By Bruno Skvorc

8 Must-Have Grav Plugins to round-off Your Blog’s Installation

By Bruno Skvorc

8 Must-Have Grav Plugins to Round Off Your Blog’s Installation

I recently switched my blog over from Blogger to Grav, and while quite a nifty platform on its own, Grav really shines once you prop it up with some custom themes and plugins.

This post will list the plugins I believe to be essential for a developer’s personal blog, and the reasons behind each suggestion.

Grav Logo

0. Admin

It goes without saying that every Grav installation should have the Admin panel installed. It’s a fantastic addon that makes the software much more usable, allows you to install plugins easily, lets you handle localization and translation, and much more.

The installation instructions for the Admin panel are in the official docs.

1. Google Analytics

Most themes have some kind of Google Analytics support baked-in, but some don’t, and some only have it on certain pages. If you’re not interested in extending a theme just to include a GA snippet in a template, the Google Analytics plugin is the right choice.

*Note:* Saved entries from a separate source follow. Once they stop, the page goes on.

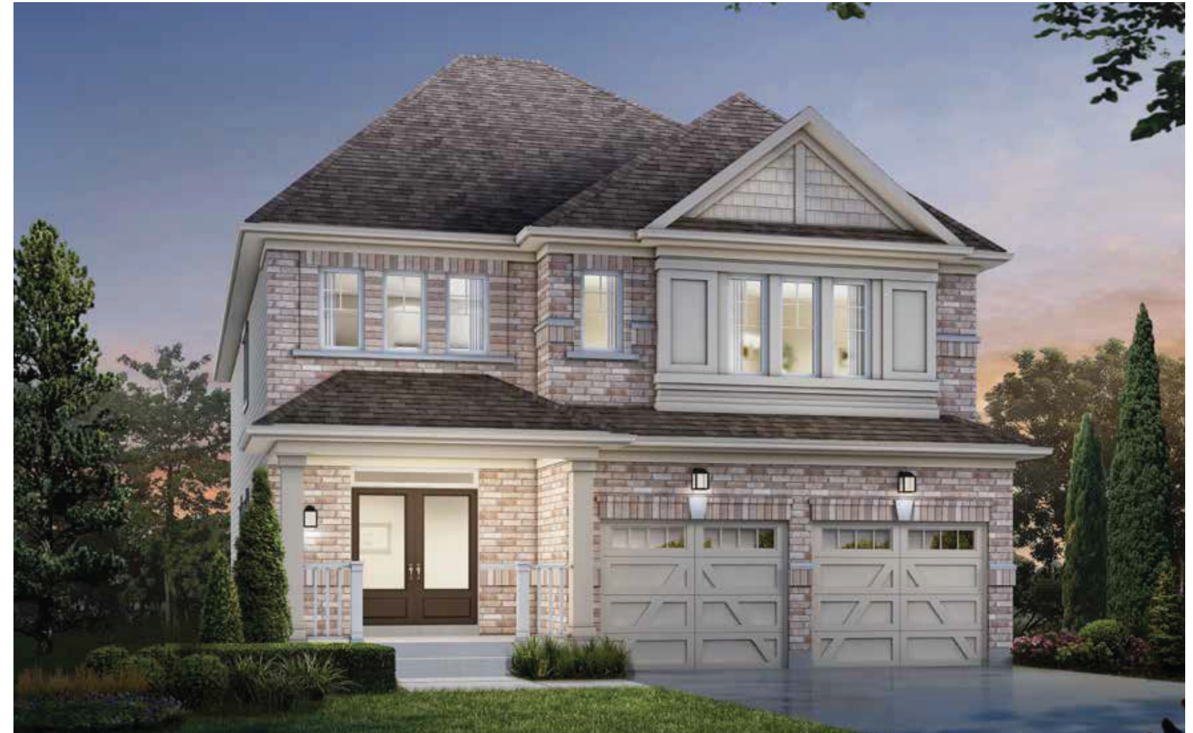
ELEVATION B - 2935 SQ FT
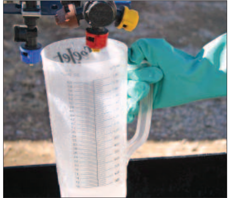
Check all nozzles for uniform output.

Let’s assume that the time to cover 204 feet is 28 seconds. Park your sprayer, filled with clean water, at the end of the field, set to the pressure you plan to use, and measure how much water you collect during 28 seconds from one nozzle. If you collect 11 ounces, your application rate would be 11 gallons per acre (gpa). If you really wanted 10 gpa you may be able to slightly decrease your pressure and collect from a nozzle again.
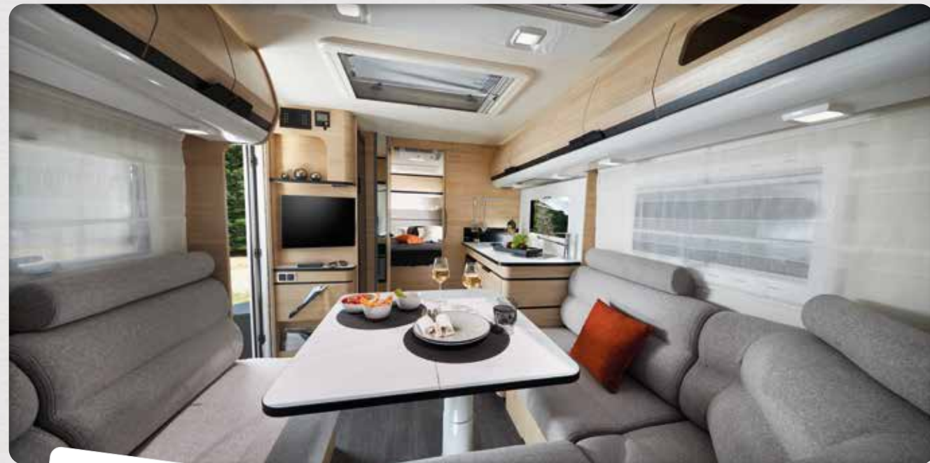
ALIZÉ CONNECT 560CP
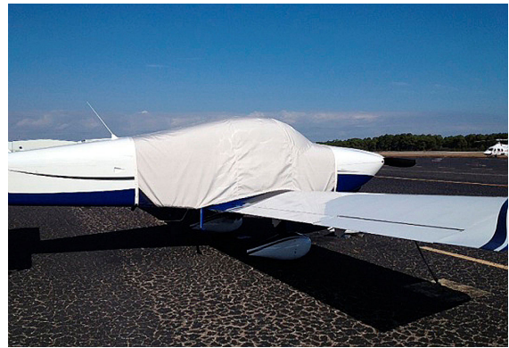
Van's RV-10 Extended Canopy Cover
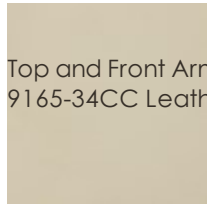
Top and Front Arm 9165-34CC Leather

Once installed, a configuration option will appear in the plugins interface and allow for insertion of the UA key, which will then be injected into every page – regardless of whether or not the chosen theme supports it out of the box.

2. Archive Plus

The archive plus plugin helps produce an archive tree of posts sorted by month and year, much like the archive links on Blogger.

Archive plus in action

*Note: To use this one, an extended theme is necessary, but that’s very easy to accomplish. See the Bonus tweaks section at the end of this list.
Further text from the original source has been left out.